Bradstreet’s ‘‘Upon the Burning of Our House, July 10th, 1666’’ swings like a pendulum between Bradstreet’s Puritan beliefs and her deep emotional turmoil regarding the loss of her home. While it is tempting to try to assess whether or not Bradstreet’s sorrow is successfully mitigated or addressed by her faith, such an exercise would not only be highly subjective, but would also be misguided. It will always be debatable whether or not there is a clear winner in the conflict between grief and faith in the poem; rather, what is most significant is the nature of this battle. The poem’s final lines emphasize the futility of attempting to draw definitive conclusions about any resolution Bradstreet may have been conveying. In these last two lines, Bradstreet divulges her desire for her spiritual beliefs to be sufficient to see her through her life so that she may one day reside in heaven. Of crucial importance here is that Bradstreet ends the poem with a prayer for assistance; she asks to be relieved of her love for her life on earth. The only certainty ‘‘Upon the Burning of Our House’’ offers is that Bradstreet longs for her faith to satisfy her emotional and spiritual needs. Whether or not it possesses that ability or even that potential is not conveyed; there is no resolution for Bradstreet. However, an examination of the poem’s twists and turns, of the way the battle between grief and faith is waged, illuminates the poet’s sense of longing, mourning, and conflict and aids in the reader’s understanding of the poem’s resultant tension.
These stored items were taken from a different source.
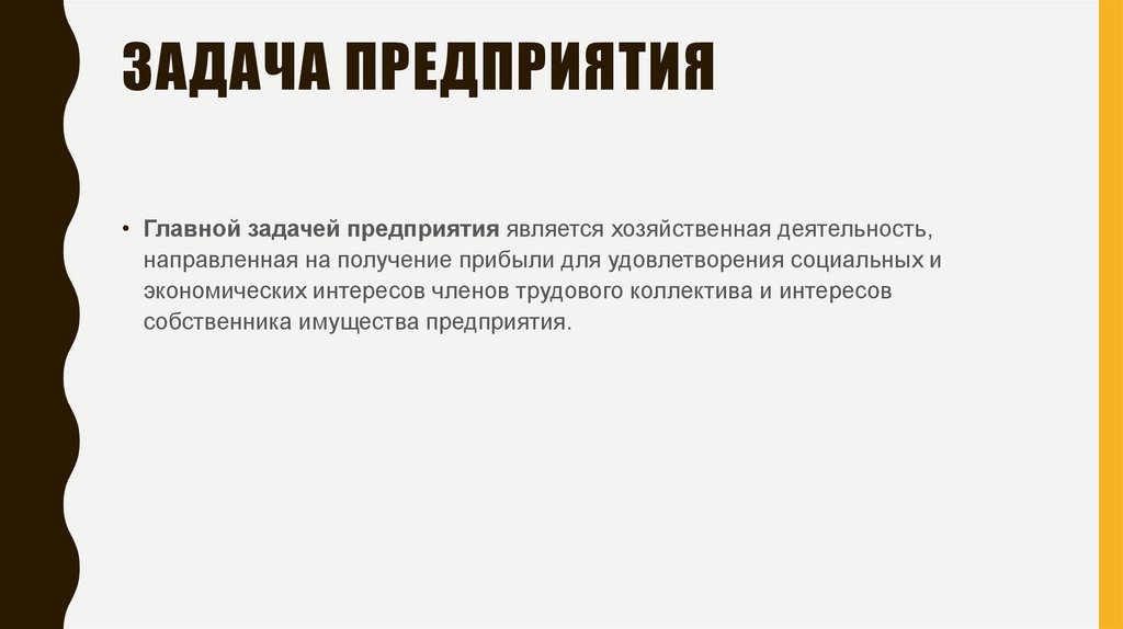 ЗАДАЧА ПРЕДПРИЯТИЯ• Главной задачей предприятия является хозяйственная деятельность,
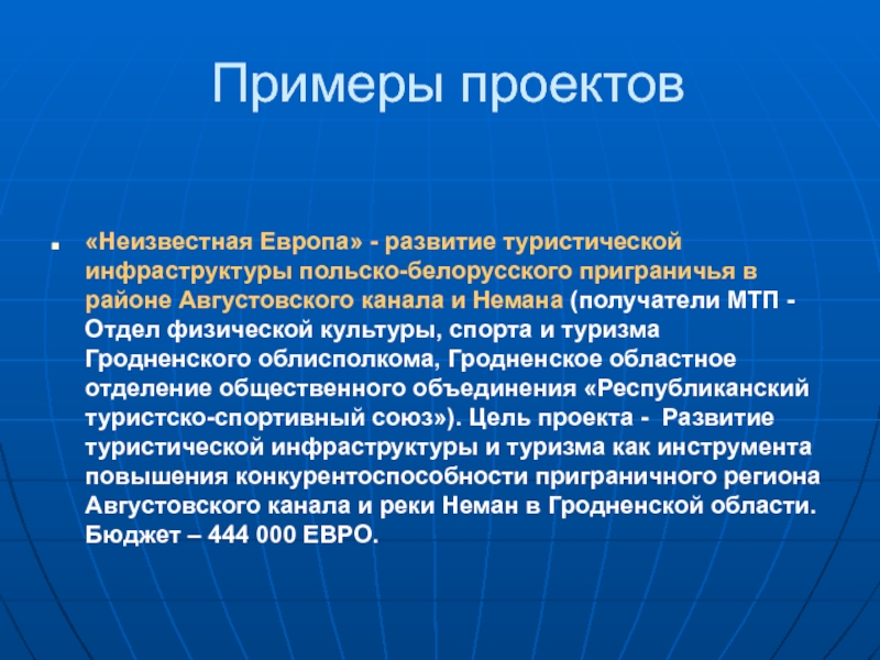 Августовского канала и Немана (получатели МТП - Отдел физической культуры, спорта и туризма Гродненского облисполкома, Гродненское областное отделение общественного объединения «Республиканский туристско-спортивный союз»). Цель проекта - Развитие туристической инфраструктуры и туризма как инструмента повышения конкурентоспособности приграничного региона Августовского канала и реки Неман в Гродненской области. Бюджет – 444 000 ЕВРО.
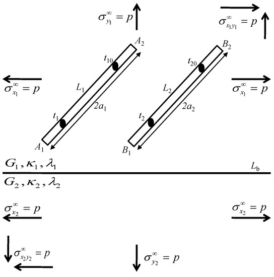 Consider two cracks, and , in the upper part of thermoelectric-bonded materials subjected to remote stress as shown in Figure 3.
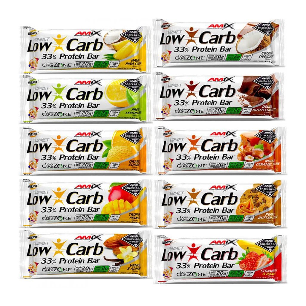 Протеїновий батончик з високою концентрацією білка (33%), низьким вмістом вуглеводів та цукру. Amix Low-Carb 33% Protein Bar відноситься до низькокалорійних продуктів, містить клітковину і добре втамовує голод.

‘‘Upon the Burning of Our House’’ shifts repeatedly from the poet’s extreme emotional distress to her grasping at the structures of her Puritan faith for support. In the poem’s first seven lines, Bradstreet describes the scene of waking from sleep during the night to the terrifying noises and sights of the house fire within which she finds herself. In these moments of horror, she turns to God, making the first of many transitions in the poem from her emotional suffering to her seeking of strength in her faith. Lines 8 through 10 mark her first appeal to God; they are a simple request for emotional and spiritual support. Bradstreet turns quickly back to the trial at hand in lines 11 through 13, where she watches the flames devastate her home. Her phrasing in these lines suggests she is almost unable to look away from this horrifying scene, but when she does, in line 14, it is to praise God, and to remind herself that God both gives and takes. Bradstreet spends less time than before in the spiritual world of her faith, unable in the immediacy of the tragedy to take any comfort in God. Although she has sought God’s aid, the most solace she can glean from her faith at the moment is the acknowledgement of God’s ability to take away some of the gifts he has blessed her with—her home and her possessions. In line 15, Bradstreet focuses on what God has done, stating that it was God who rendered all her personal belongs into dust.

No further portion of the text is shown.